**Material for the task**

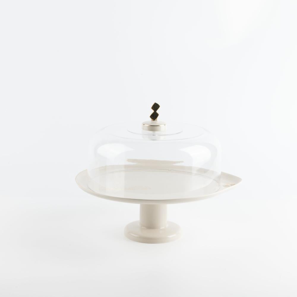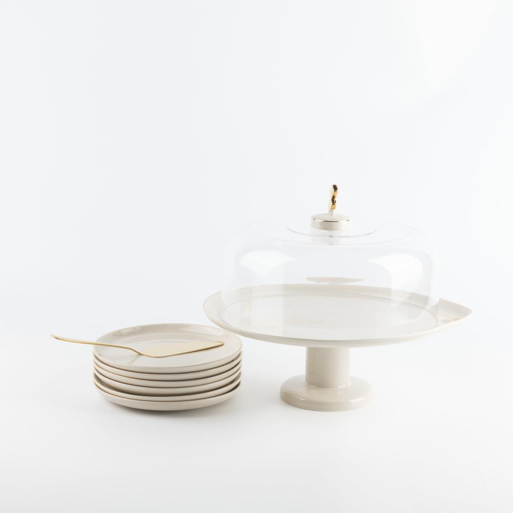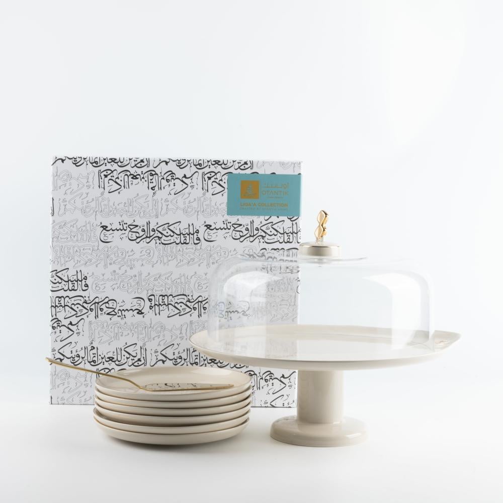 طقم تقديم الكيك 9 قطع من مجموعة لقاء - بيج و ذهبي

---

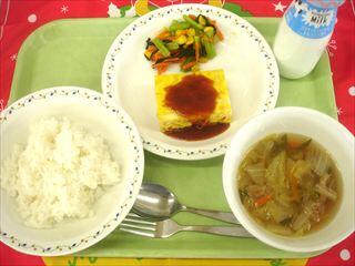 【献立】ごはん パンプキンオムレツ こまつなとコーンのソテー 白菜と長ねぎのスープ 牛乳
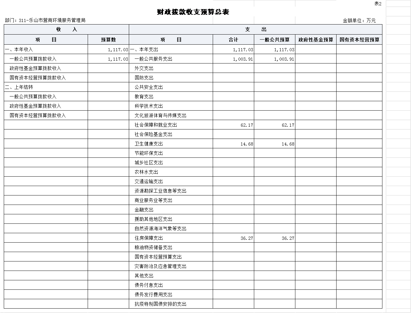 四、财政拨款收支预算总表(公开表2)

**The task**
Nothing but the lines from the one containing "こまつなとコーンのソテー 白菜と長ねぎのスープ 牛乳" through the one containing "四、财政拨款收支预算总表(公开表2)" should appear, copied exactly from the material above and without pictures.

**Worked solution**
 【献立】ごはん パンプキンオムレツ こまつなとコーンのソテー 白菜と長ねぎのスープ 牛乳
 四、财政拨款收支预算总表(公开表2)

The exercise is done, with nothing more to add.